Erwirbt der Gesellschafter Wirtschaftsgüter, um sie der Gesellschaft im Rahmen einer Leistungsvereinigung zur Nutzung zu überlassen, steht ihm der Vorsteuerabzug nicht zu, weil er mit der bloßen Leistungsvereinigung nicht unternehmerisch tätig wird. Dem Gesellschafter knn auch nicht die Unternehmereigenschaft der Gesellschaft zugerechnet werden (vgl. EuGH 13.3.2014, Malburg, C-204/13, Rn 47, und Ruppe/Achatz, UStG5, § 12 Tz 85; Kollmann/Schuchter in Melhardt/Tumpel, UStG2, § 12 Rz 137; Mayr in Scheiner/Kolacny/Caganek, Kommentar zur MwSt, 41. Lfg, § 12 Tz 200 f).

Das Bundesfinanzgericht hat im angefochtenen Erkenntnis den Mitbeteiligten deshalb als Unternehmer beurteilt und ihm den Vorsteuerabzug zuerkannt, weil er Teile eines in seinem Eigentum stehenden Gebäudes der XX GmbH & Co KG, bei welcher er Gesellschafter ist, zur unentgeltlichen Nutzung überlassen hat.
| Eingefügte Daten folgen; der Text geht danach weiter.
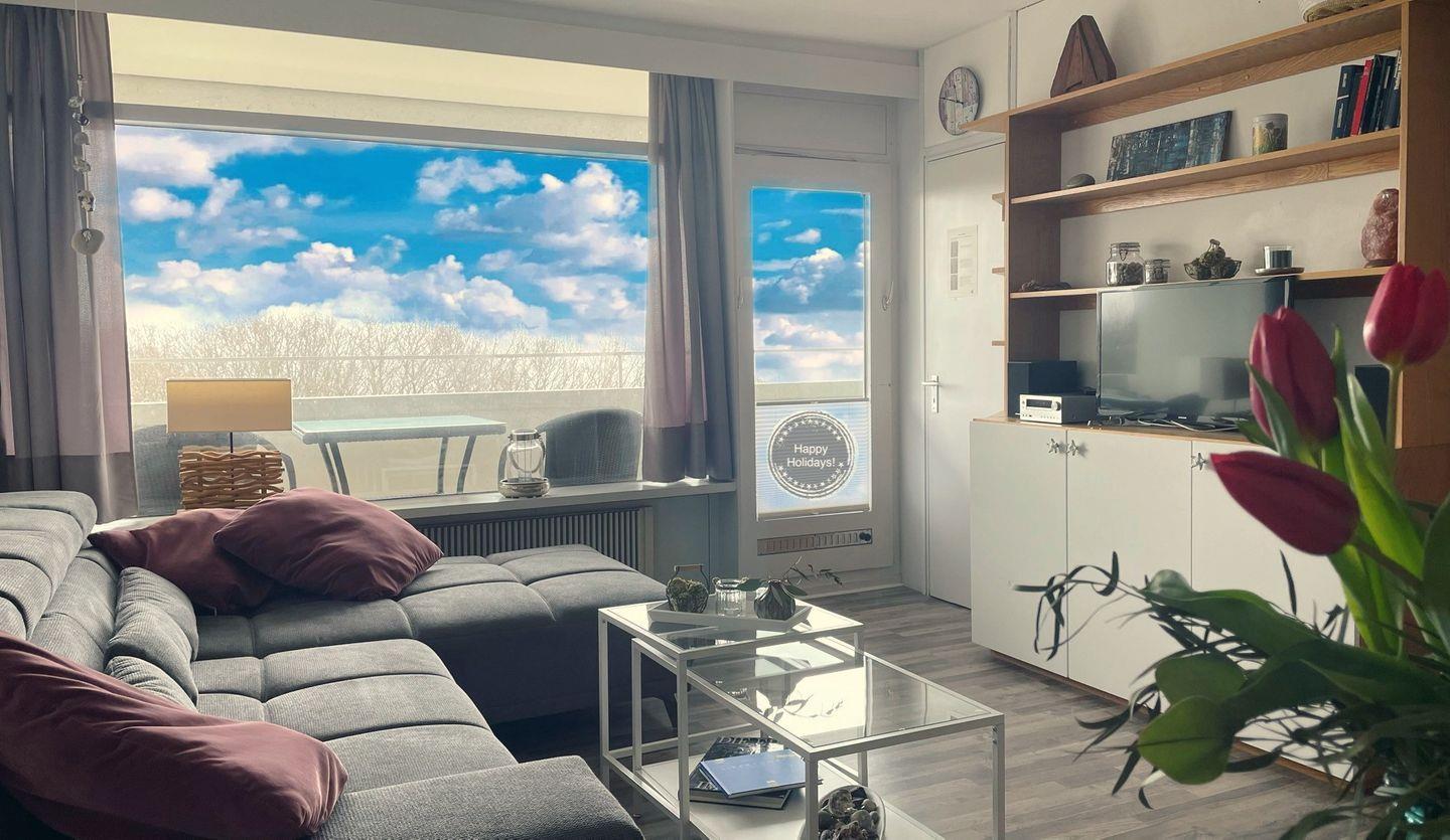 Die 3-Raum-Wohnung liegt in der 5. Etage und hat einen Balkon in Ostlage. Dieser bietet über die Bäume einen schönen Blick auf die Ostsee. Die mit Spülmaschine, Backofen und Herd ausgestattete Küche ist in den kombinierten Wohn- und Essbereich mit einer Durchreiche hin offen. Im 1. Schlafraum steht ein Doppelbett, der 2. Schlafraum ist innenliegend und mit zwei Einzelbetten ausgestattet. Das Wannenbad ist innenliegend. WLAN wird geboten. Die Nutzung des Schwimmbads in der Anlage ist inklusive.

Damit hat das Bundesfinanzgericht die Rechtslage verkannt, zumal der Mitbeteiligte – wie eingangs dargelegt – mit einer bloßen Leistungsvereinigung nicht unternehmerisch tätig wird und ihm auch die Unternehmereigenschaft der XX GmbH & Co KG nicht zugerechnet werden kann…“

Aufgrund des obig wiedergegebenen höchstgerichtlichen Erkenntnisses, an dessen Rechtsanschauung das BFG gebunden ist, war die Beschwerde gegen die Bescheide betreffend Umsatzsteuer 2000 bis 2002 als unbegründet abzuweisen. Die angefochtenen Umsatzsteuerbescheide 2000 bis 2002 vom 28. März 2006 bleiben unverändert.
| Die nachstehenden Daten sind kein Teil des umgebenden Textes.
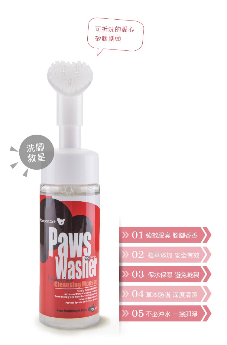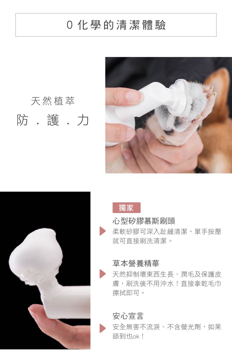 ◎ 首創愛心造型矽膠慕斯刷頭,單手按壓就可直接刷洗清潔,超方便!◎ 草本營養精華成分,刷洗後不用沖水!直接拿乾毛巾擦拭即可◎ 瞬間除臭效果超好!針對趾縫或寵物局部清潔,潤毛及保護皮膚◎ 看得見的髒污,只要輕輕刷,通通清潔溜溜◎ 安全無害不流淚、不含螢光劑,如果舔到也ok!◎ 如果是6個月以下的毛孩,使用後一定要吹乾喔,因為他們還小,吹乾可以避免著涼喔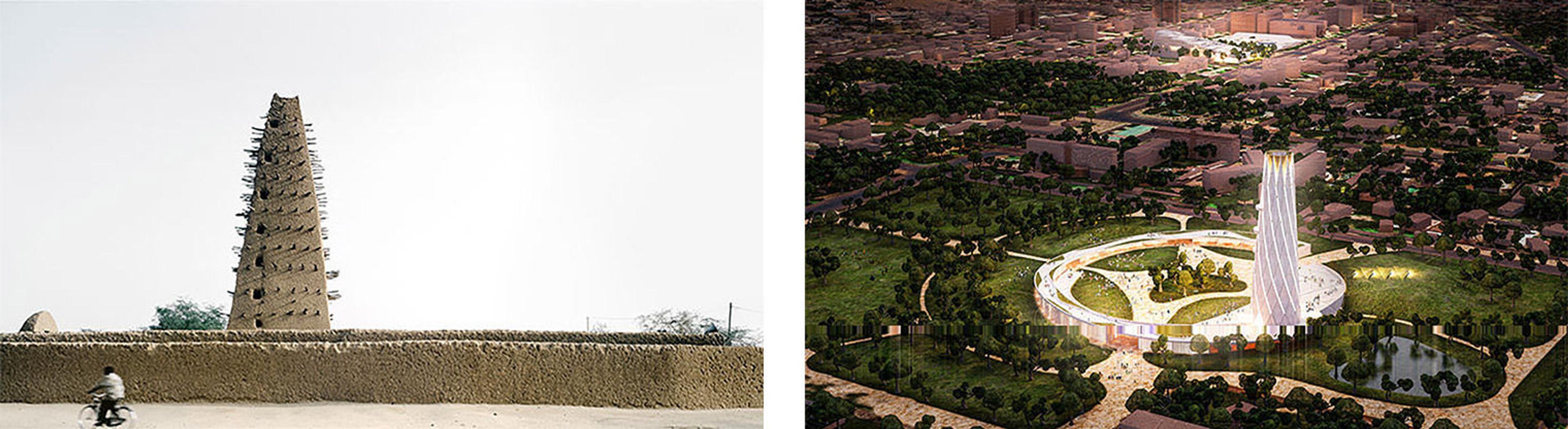 Left: Friday Mosque at Agadez, Niger, 1999–2000. Photograph by James Morris. Right: A render of the Thomas Sankara Memorial in Ouagadougou, Burkina Faso. Image courtesy Kéré Architecture Studio

III. Zulässigkeit einer (ordentlichen) Revision:

Gemäß Art. 133 Abs. 4 B-VG ist gegen ein Erkenntnis des Verwaltungsgerichts die Revision zulässig, wenn sie von der Lösung einer Rechtsfrage abhängt, der grundsätzliche Bedeutung zukommt, insbesondere weil das Erkenntnis von der Rechtsprechung des Verwaltungsgerichtshofes abweicht, eine solche Rechtsprechung fehlt oder die zu lösende Rechtsfrage in der bisherigen Rechtsprechung des Verwaltungsgerichtshofes uneinheitlich beantwortet wird.
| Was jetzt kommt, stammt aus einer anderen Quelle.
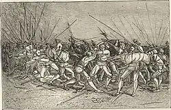 The Swedish surname Lantz is thought to have originated as a military-related name derived from "lance," (modern Swedish, "lans") which is a pole weapon designed to be used by a mounted warrior or cavalry soldier called a Lancer.[7] Military-related names became relatively common in the Swedish military in the 17th and 18th centuries as members were required to adopt unique surnames as a means to distinguish themselves from one another.[8]

Die Rechtsfrage, ob dem Bf. als Gesellschafter einer Personenvereinigung für die dieser unentgeltlich zur Verfügung gestellten Gebäudeteile ein Vorsteuerabzug zusteht, wurde vom VwGH in seinem Erkenntnis vom 13. September 2018, Ra 2016/15/0036, geklärt. Daher sind die Voraussetzungen für die Zulassung einer ordentlichen Revision gemäß Art. 133 B-VG nicht gegeben.

Gesamthaft war somit spruchgemäß zu entscheiden.